2.7 O ensaio sobre a cegueira

O leitor da livraria envolve-se de tal forma com o livro de Saramago que começa a se perguntar como se comportaria no caso de também ele vir a cegar. Esse leitor anda pela cidade aflito. Ele para mais detidamente no sinal de trânsito, evita os consultórios dos oftalmologistas, decide não mais frequentar os quartos dos hotéis. Acorda todas as manhãs e deixa-se ficar por um tempo com os olhos fechados, com medo de ter-se contagiado pela leitura do livro. Anda obcecado com a visão e já contempla a hipótese de evitar os excessos. Visita pouco a internet, recusa-se a ler todos os cartazes na rua e tem tentado seguir sua vida, evitando a poluição visual. Tem tentado ler outros livros, pensar na utilização correta dos elementos naturais, já está misturado com os discursos contemporâneos, mas teme, e o temor tem sido seu amigo constante. Teme especialmente por não saber se está lendo adequadamente. Teme não compreender tantas máximas e recusa-se a terminar a leitura.
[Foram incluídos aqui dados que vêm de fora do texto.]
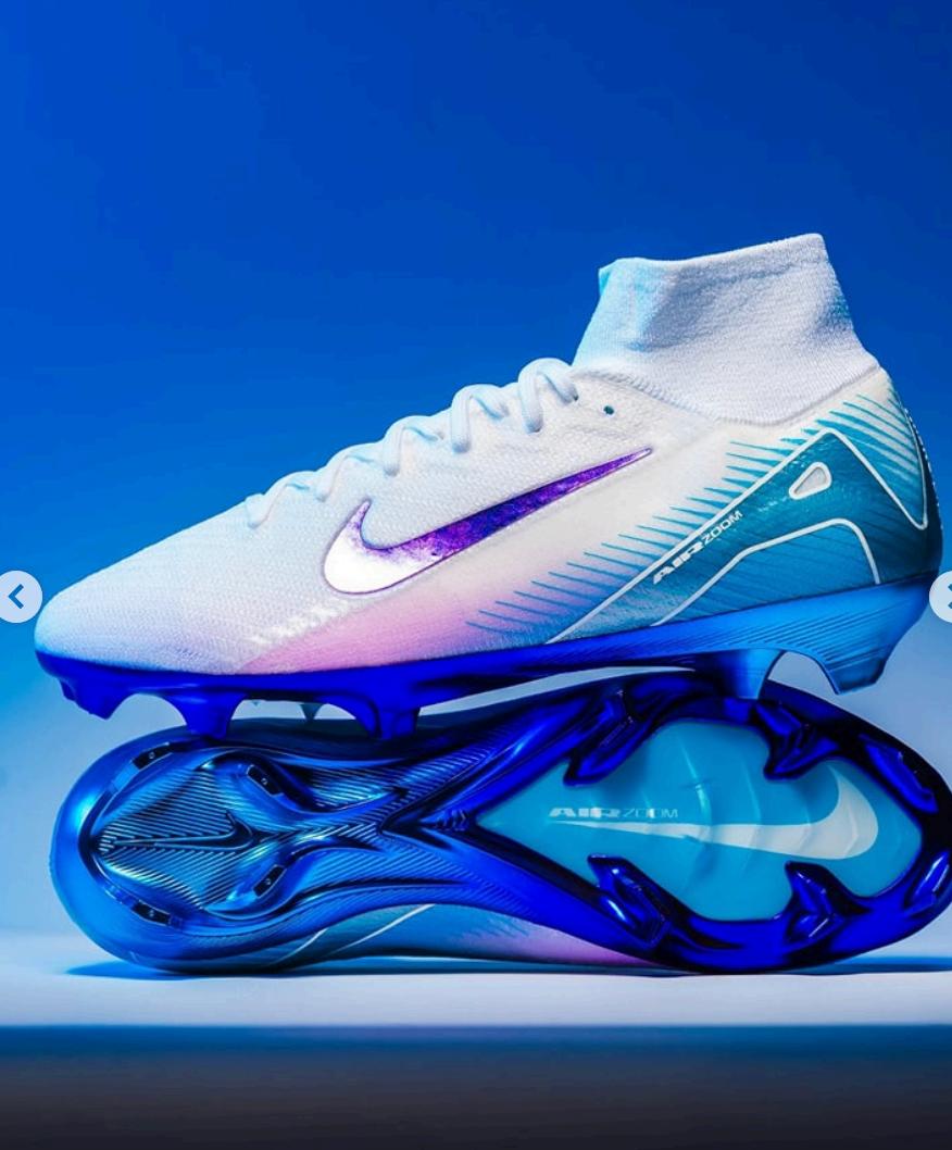 Nike's"MadAmbition"pack,releasedinJuly2024,introducesstrikingnewcolorwaysfortheirMercurial,Phantom,andTiempo soccercleatsMercurialSeries:TheMercurialVapor16andSuperfly10modelsfeaturea"GlacierBlue/BlueOrbit"color schemeThelighterblueservesasthebase,whilethedarkerbluehighlightsthebrandingThesecleatsincorporateNike'sGripKnit technologyforenhancedballcontrolandaredesignedsoleplateforimprovedspeedandstability.
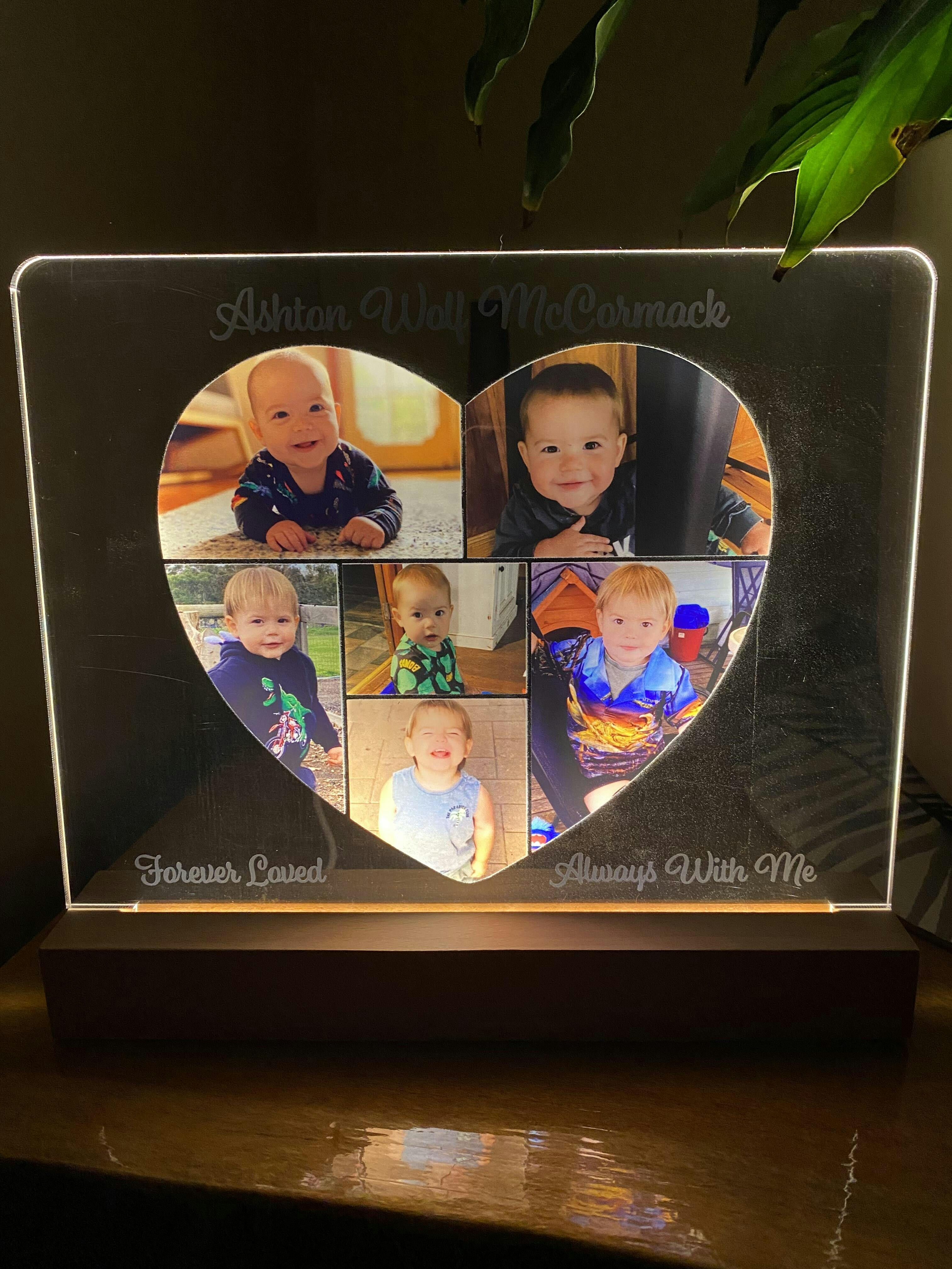 Our Heart-Shaped Collage night light, a radiant gift that illuminates the love shared with your special people. Crafted with care, this night light features a heart-shaped design collage of your most cherished memories.
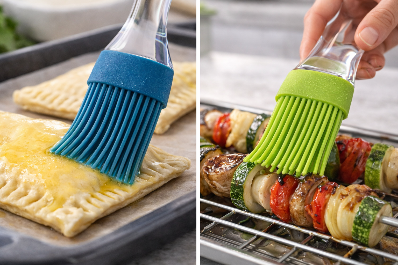 Il pennello da cucina in silicone è l’accessorio ideale per spennellare olio, burro, uovo, salse e marinature in modo uniforme e senza sprechi. Le setole flessibili in silicone alimentare garantiscono una distribuzione precisa dei liquidi, senza perdere peli e senza assorbire odori o sapori.
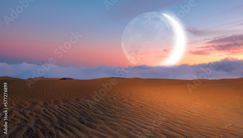 Beautiful sand dunes in orange desert at sunrise with crescent moon - Sahara, Morocco
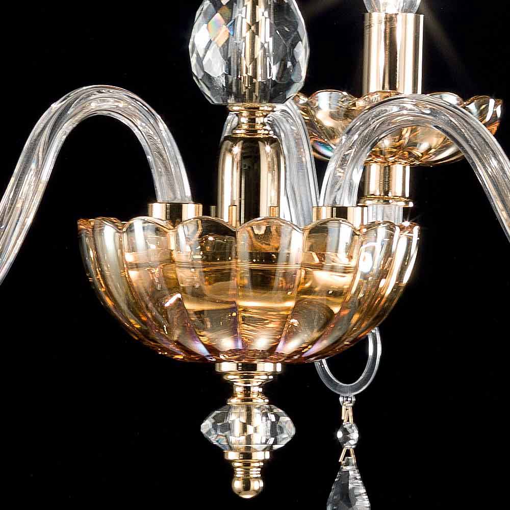 Lampa wisząca z bursztynowego szkła i kryształu ze złotym wykończeniem.
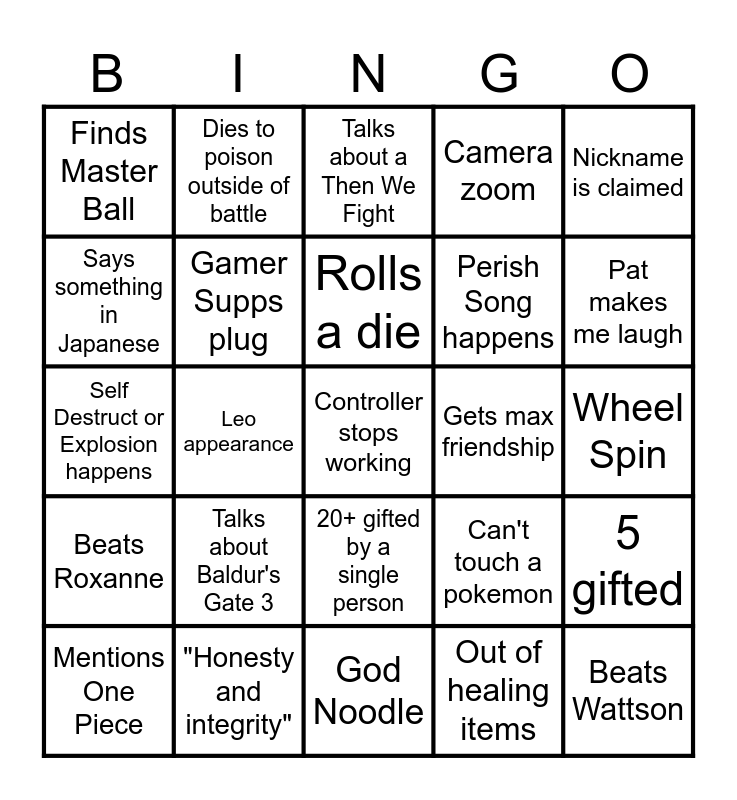 This bingo card has 38 words: Free!, New run, Destiny Bond happens, Gamer Supps plug, 5 gifted, Talks about Baldur's Gate 3, Rolls a die, Pets Subnoodle, Nickname is claimed, Perish Song happens, Leo appearance, Camera zoom, Controller stops working, Wheel Spin, Says something in Japanese, Beats Roxanne, References being ginger, Talks about a Then We Fight, Rolls Huge Power or Pure Power, Gets max friendship, Finds Master Ball, "Honesty and integrity", Pat makes me laugh, Mentions One Piece, Mentions Shedinja or Wonder Guard, God Noodle, Beats Wattson, Dies to OHKO move, Accidentally KOs a wild mon, "Chat type 1", Asks Siri a question, 20+ gifted by a single person, Out of healing items, Dies to poison outside of battle, Talks about another Poketuber, Can't touch a pokemon, Self Destruct or Explosion happens and Uses a Mega Evolution.

O leitor da livraria compra outros livros, viaja, distrai-se com a vida que reclama ser vivida. Abandona a leitura e acaba por esquecer o texto. Apaixona-se por outros temas, passa a ser espectador assíduo de peças teatrais, de espetáculos de dança, de shows de MPB e de samba. Vai ao cinema, diverte-se com pipocas, interessa-se por cartas de vinhos. Uma noite, ao retornar à casa, fecha a porta atrás de si e cai num mar de leite.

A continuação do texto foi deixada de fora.